Is a sphere directionless? Anyway most of, if not all of the physical constants, dimensional or dimensionless, seems are presented vectorless.
 
  • #8
anorlunda said:
Temperature is a common example of a field with no direction.
Are you sure? What happens when you put a piece of ice on a hot pan?
 
  • #9
Khashishi said:
Not all physical quantities are vectors. For example, the rest mass of an object is just a value with no direction. It's a scalar.
To arrange this "rest" frame of reference, don't you refer to a direction?
 
  • #10
HelioGeo said:
Are you sure? What happens when you put a piece of ice on a hot pan?

Nice try. Heat flows from hot to cold, but that does not make a vector.

Consider the temperature of where you are right now. Does it have an up, down, north, south. East, west direction? The temperature is not the same every place but it has no direction.

Compare that with the wind field. Like temperature, wind has magnitude that varies from place to place. But wind also has direction.
 
  • #11
HelioGeo said:
To arrange this "rest" frame of reference, don't you refer to a direction?
No.
 
  • #12
anorlunda said:
Nice try. Heat flows from hot to cold, but that does not make a vector.
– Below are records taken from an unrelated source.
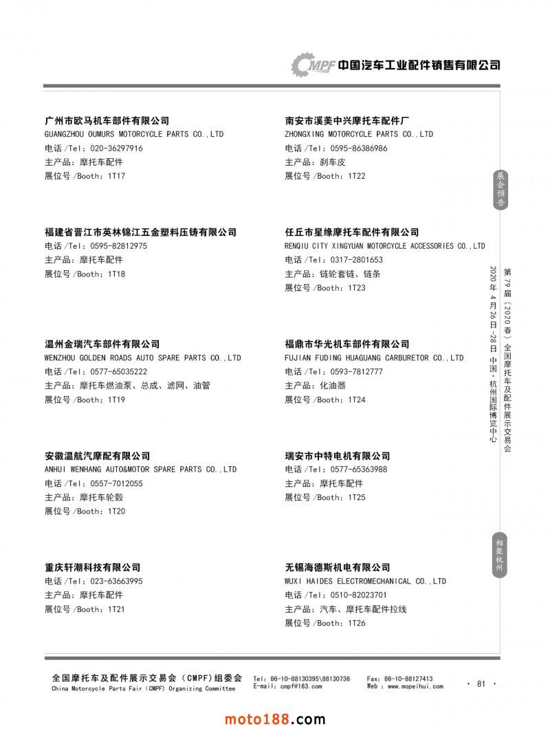 內(nèi)79-172 第78屆(2019秋)全國(guó)摩托車及配件展示交易會(huì)-廣州站參展企業(yè)信息
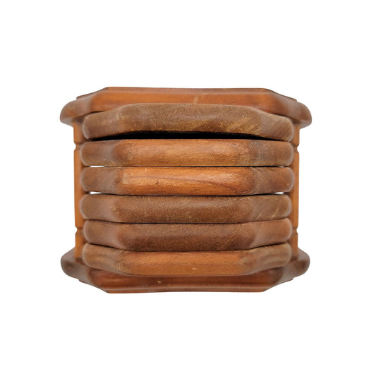 Wooden Coaster Set With Holder 6 Cork-Lined Octagonal Coasters
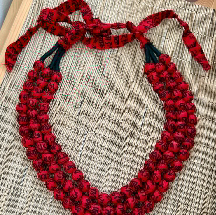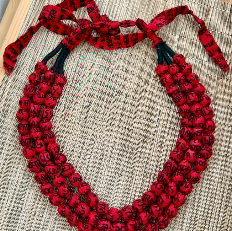 Add a pop of colour to your outfit with this beautiful handmade necklace featuring three strands of fabric- covered beads. Soft fabric tie makes it adjustable and comfortable to wear. Perfect for adding a touch of boho charm to any outfit.

Consider the temperature of where you are right now. Does it have an up, down, north, south. East, west direction? The temperature is not the same every place but it has no direction.
Great, you are nearly saying flow doesn't make a vector? I'm in 39 C tropical area, I 'm cooling the airs around me, am I not making cold wind?
 
  • #13
phinds said:
No.
How?
 
  • #14
HelioGeo said:
Great, you are nearly saying flow doesn't make a vector? I'm in 39 C tropical area, I 'm cooling the airs around me, am I not making cold wind?
What does that have to do with vectors ?
 
  • #15
HelioGeo said:
How?
You misunderstand how PF works. If you make an unsubstantiable claim, it is not up to me to refute it, it is up to you to support it.
 
  • #16
phinds said:
What does that have to do with vectors ?
Temperatures are measures of energy state, energy flow has directions but not the state of the energy, if I interpreted correctly.
 
  • #17
phinds said:
You misunderstand how PF works. If you make an unsubstantiable claim, it is not up to me to refute it, it is up to you to support it.
To confess, I have difficulties in understanding mass, especially rest mass and mass in general. Why should mass, an energy equivalent, has no direction?
 
  • #18
HelioGeo said:
To confess, I have difficulties in understanding mass, especially rest mass and mass in general. Why should mass, an energy equivalent, has no direction?
HUH ? You are conflating two different posts that have nothing to do with each other. Look back. My "no" was in answer to your question about frames of reference, nothing to do with mass even though you mentioned mass in your earlier post. Mass ALSO has no vector but that's a separate issue.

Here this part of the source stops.